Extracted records
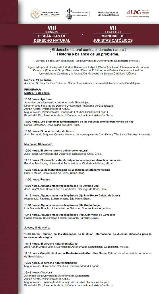 Los próximos días 17 a 19 de enero de 2023, al medio siglo de las primeras, en la Universidad Autónoma de Guadalajara (Méjico) se van a celebrar las VIII Jornadas Hispánicas de Derecho Natural, contemporáneamente con el VII Congreso Mundial de Juristas Católicos.
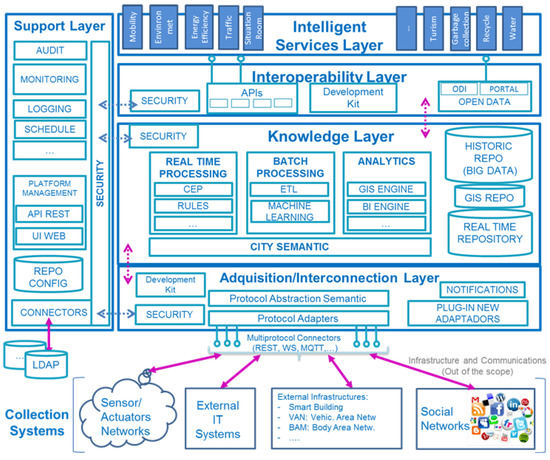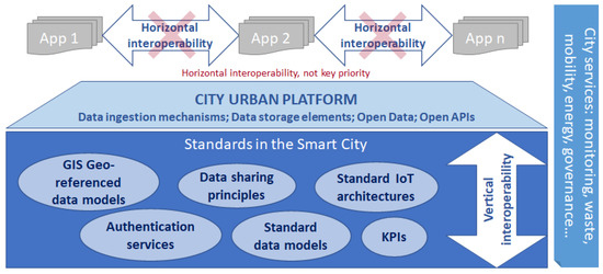 - Hernández, J.; García, R.; Schonowski, J.; Atlan, D.; Chanson, G.; Ruohomäki, T. Interoperable Open Specifications Framework for the Implementation of Standardized Urban Platforms. Sensors 2020, 20, 2402. [Google Scholar] [CrossRef] [Green Version]
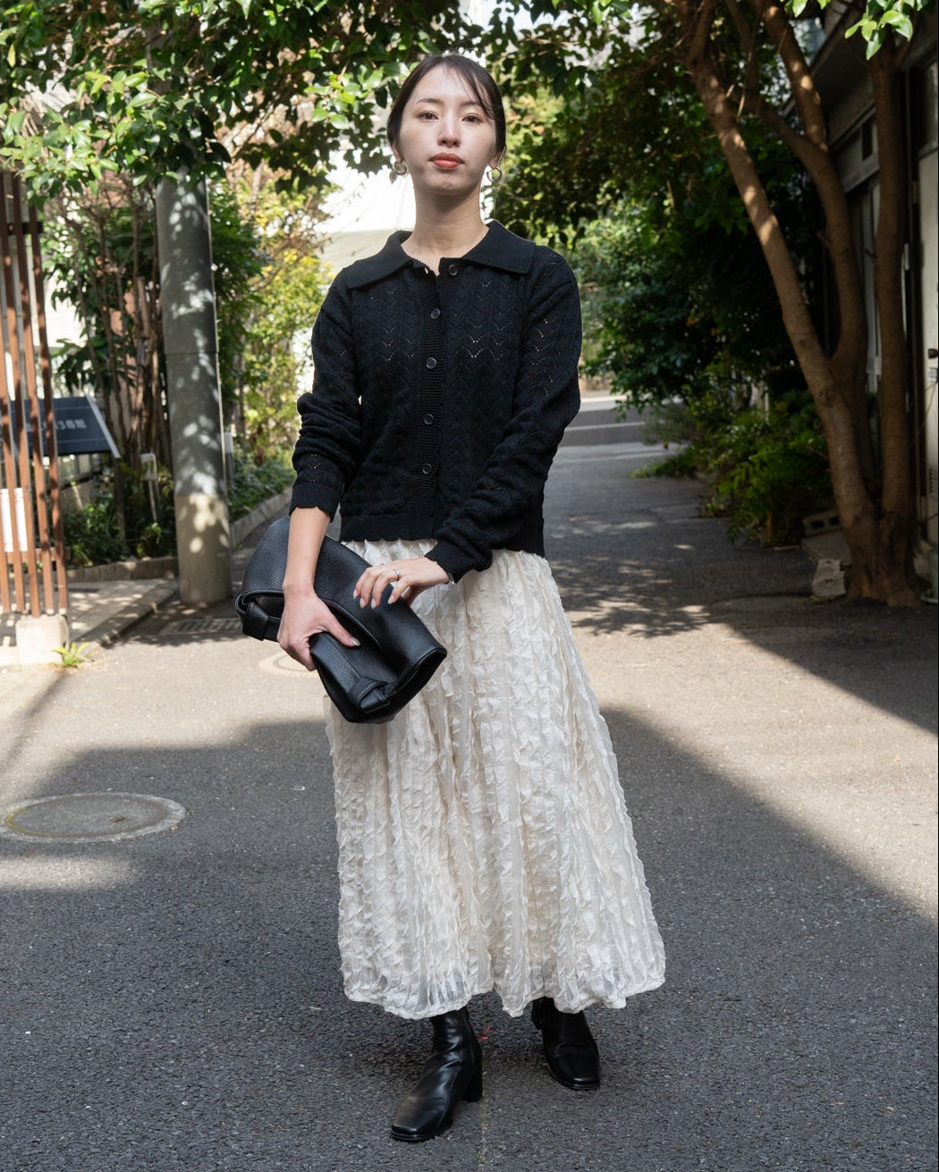 きちんと感のある「襟付き」デザインがポイント。袖口や裾が波型のデザインになっており、細部までかわいく仕上がっています。コンパクトすぎず緩すぎない絶妙なサイズ感で、ボトムスを選ばずバランスよく着こなせます。
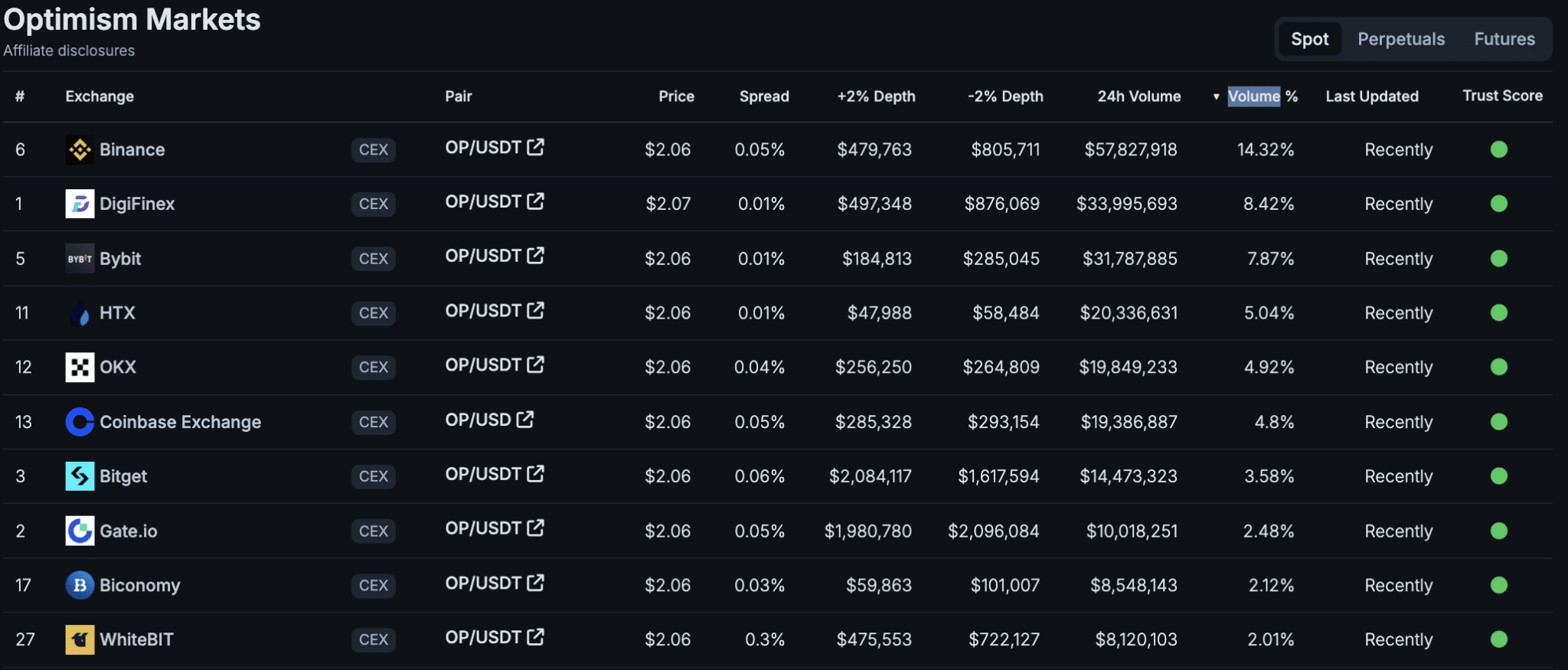 $OP sees its highest trading volume on Binance, followed by DigiFinex, Bybit, HTX (formerly Huobi), and OKX.
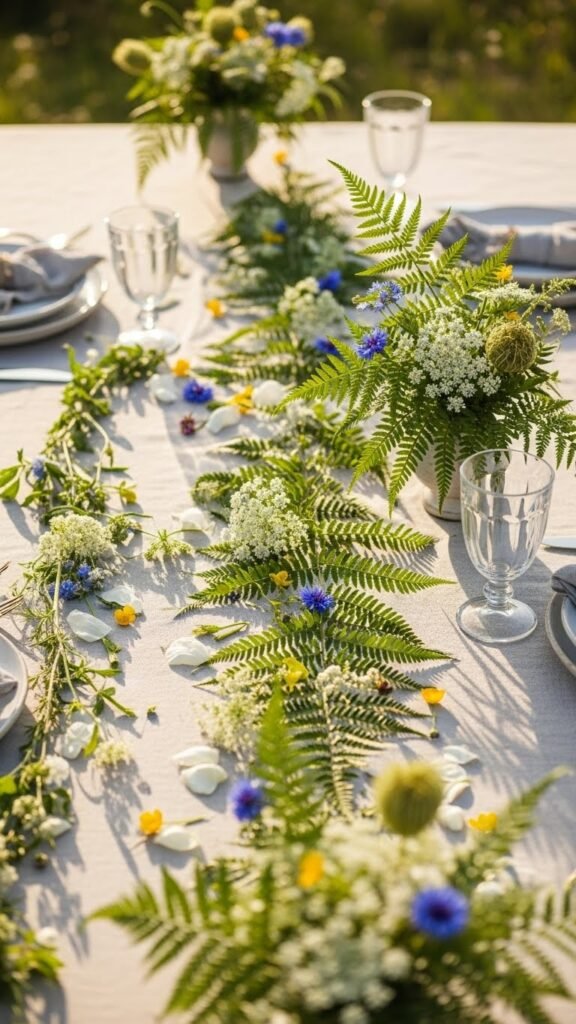 Often you’ll lean into an effortless, slightly wild vibe by laying a loose runner of feathery ferns punctuated with small, untamed blossoms — think Queen Anne’s lace, cornflowers, and buttercups — so the table feels like a fresh-foraged moment.
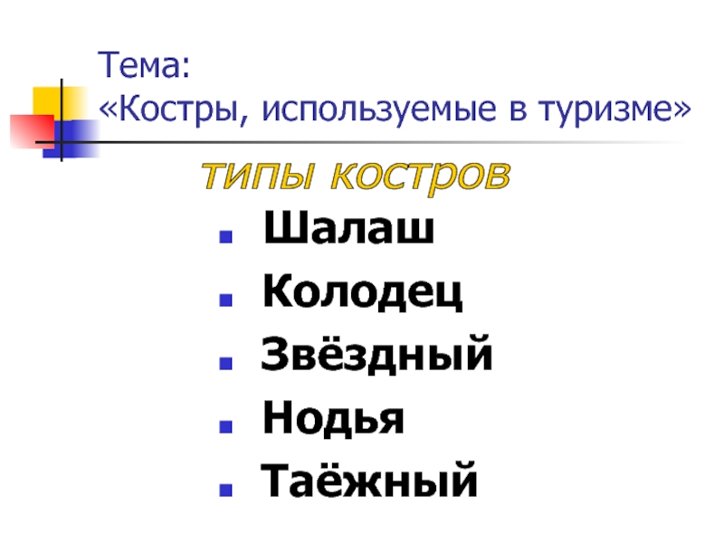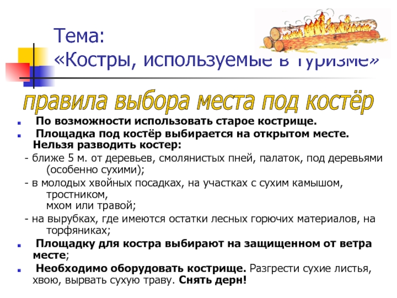 «Костры, используемые в туризме»
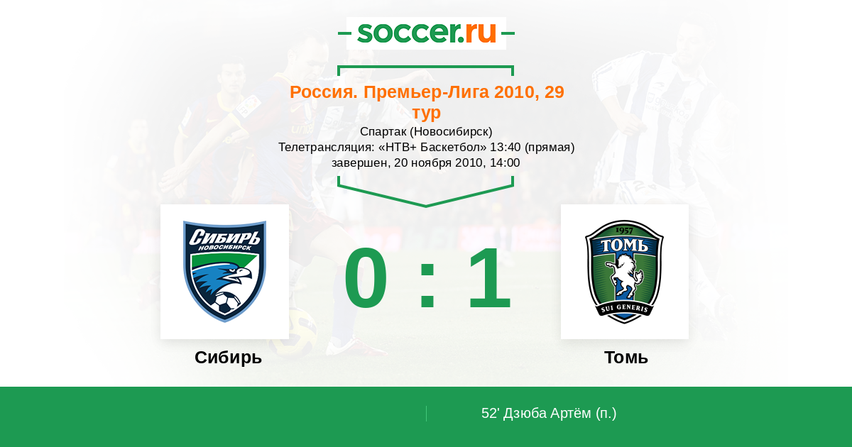 Сибирь - Томь: обзор матча 20 ноября 2010
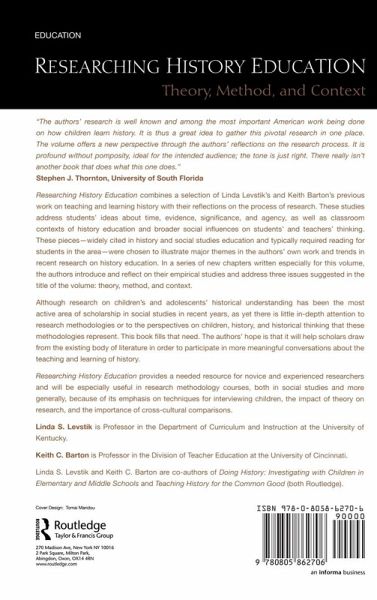 "The authors' research is well known and among the most important American works being done on how children learn history. It is thus a great idea to gather this pivotal research in one place. The volume offers a new perspective through the authors' reflections on the research process. It is profound without pomposity, ideal for the intended audience; the tone is just right. There really isn't another book that does what this one does." Stephen J. Thornton, University of South Florida Researching History Education combines a selection of Linda Levstik's and Keith Barton's previous work on teaching and learning history with their reflections on the process of research. These studies address students' ideas about time, evidence, significance, and agency, as well as classroom contexts of history education and broader social influences on students' and teacher's thinking. These pieces-widely cited in history and social studies education and typically required reading for students in the area-were chosen to illustrate major themes in the authors' own work and trends in recent research on history education. In a series of new chapters written especially for this volume, the authors introduce and reflect on their empirical studies and address three issues suggested in the title of the volume: theory, method, and context. Although research on children's and adolescents' historical understanding has been the most active area of scholarship in social studies in recent years, as yet there is little in-depth attention to research methodologies or to the perspectives on children, history, and historical thinking that these methodologies represent. This book fills that need. The authors' hope is that it will help scholars draw from the existing body of literature in order to participate in more meaningful conversations about the teaching and learning of history. Researching History Education provides a needed resource for novice and experienced researchers and will be especially useful in research methodology courses, both in social studies and more generally, because of its emphasis on techniques for interviewing children, the impact of theory on research, and the importance of cross-cultural comparisons.
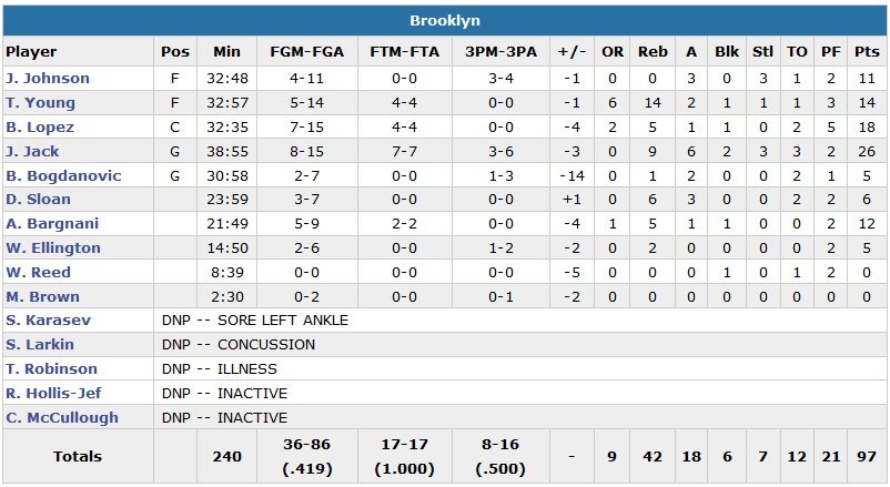 Jarrett Jack a signé son 2e meilleur match offensif de la saison avec 26 points pour ce premier match à l’extérieur depuis le 28 novembre pour Brooklyn. Thaddeus Young est en double-double avec 14 points et 14 rebonds alors que Brook Lopez ajoute 18 points à 7/15 et 5 rebonds. Les deux équipes à égalité 83 partout, Indiana passe un 21-14 à ses adversaires en partie grâce aux bons rebonds et paniers de Hill (11 rebonds dont 5 offensifs). Les Pacers mènent alors 104-92 à 90 secondes avant que Jack et Joe Johnson ne combinent pour 5 points dans un dernier effort.

# What you will do
Reproduce each line above exactly, but not a single picture.

# Reply
 Los próximos días 17 a 19 de enero de 2023, al medio siglo de las primeras, en la Universidad Autónoma de Guadalajara (Méjico) se van a celebrar las VIII Jornadas Hispánicas de Derecho Natural, contemporáneamente con el VII Congreso Mundial de Juristas Católicos.
 - Hernández, J.; García, R.; Schonowski, J.; Atlan, D.; Chanson, G.; Ruohomäki, T. Interoperable Open Specifications Framework for the Implementation of Standardized Urban Platforms. Sensors 2020, 20, 2402. [Google Scholar] [CrossRef] [Green Version]
 きちんと感のある「襟付き」デザインがポイント。袖口や裾が波型のデザインになっており、細部までかわいく仕上がっています。コンパクトすぎず緩すぎない絶妙なサイズ感で、ボトムスを選ばずバランスよく着こなせます。
 $OP sees its highest trading volume on Binance, followed by DigiFinex, Bybit, HTX (formerly Huobi), and OKX.
 Often you’ll lean into an effortless, slightly wild vibe by laying a loose runner of feathery ferns punctuated with small, untamed blossoms — think Queen Anne’s lace, cornflowers, and buttercups — so the table feels like a fresh-foraged moment.
 «Костры, используемые в туризме»
 Сибирь - Томь: обзор матча 20 ноября 2010
 "The authors' research is well known and among the most important American works being done on how children learn history. It is thus a great idea to gather this pivotal research in one place. The volume offers a new perspective through the authors' reflections on the research process. It is profound without pomposity, ideal for the intended audience; the tone is just right. There really isn't another book that does what this one does." Stephen J. Thornton, University of South Florida Researching History Education combines a selection of Linda Levstik's and Keith Barton's previous work on teaching and learning history with their reflections on the process of research. These studies address students' ideas about time, evidence, significance, and agency, as well as classroom contexts of history education and broader social influences on students' and teacher's thinking. These pieces-widely cited in history and social studies education and typically required reading for students in the area-were chosen to illustrate major themes in the authors' own work and trends in recent research on history education. In a series of new chapters written especially for this volume, the authors introduce and reflect on their empirical studies and address three issues suggested in the title of the volume: theory, method, and context. Although research on children's and adolescents' historical understanding has been the most active area of scholarship in social studies in recent years, as yet there is little in-depth attention to research methodologies or to the perspectives on children, history, and historical thinking that these methodologies represent. This book fills that need. The authors' hope is that it will help scholars draw from the existing body of literature in order to participate in more meaningful conversations about the teaching and learning of history. Researching History Education provides a needed resource for novice and experienced researchers and will be especially useful in research methodology courses, both in social studies and more generally, because of its emphasis on techniques for interviewing children, the impact of theory on research, and the importance of cross-cultural comparisons.
 Jarrett Jack a signé son 2e meilleur match offensif de la saison avec 26 points pour ce premier match à l’extérieur depuis le 28 novembre pour Brooklyn. Thaddeus Young est en double-double avec 14 points et 14 rebonds alors que Brook Lopez ajoute 18 points à 7/15 et 5 rebonds. Les deux équipes à égalité 83 partout, Indiana passe un 21-14 à ses adversaires en partie grâce aux bons rebonds et paniers de Hill (11 rebonds dont 5 offensifs). Les Pacers mènent alors 104-92 à 90 secondes avant que Jack et Joe Johnson ne combinent pour 5 points dans un dernier effort.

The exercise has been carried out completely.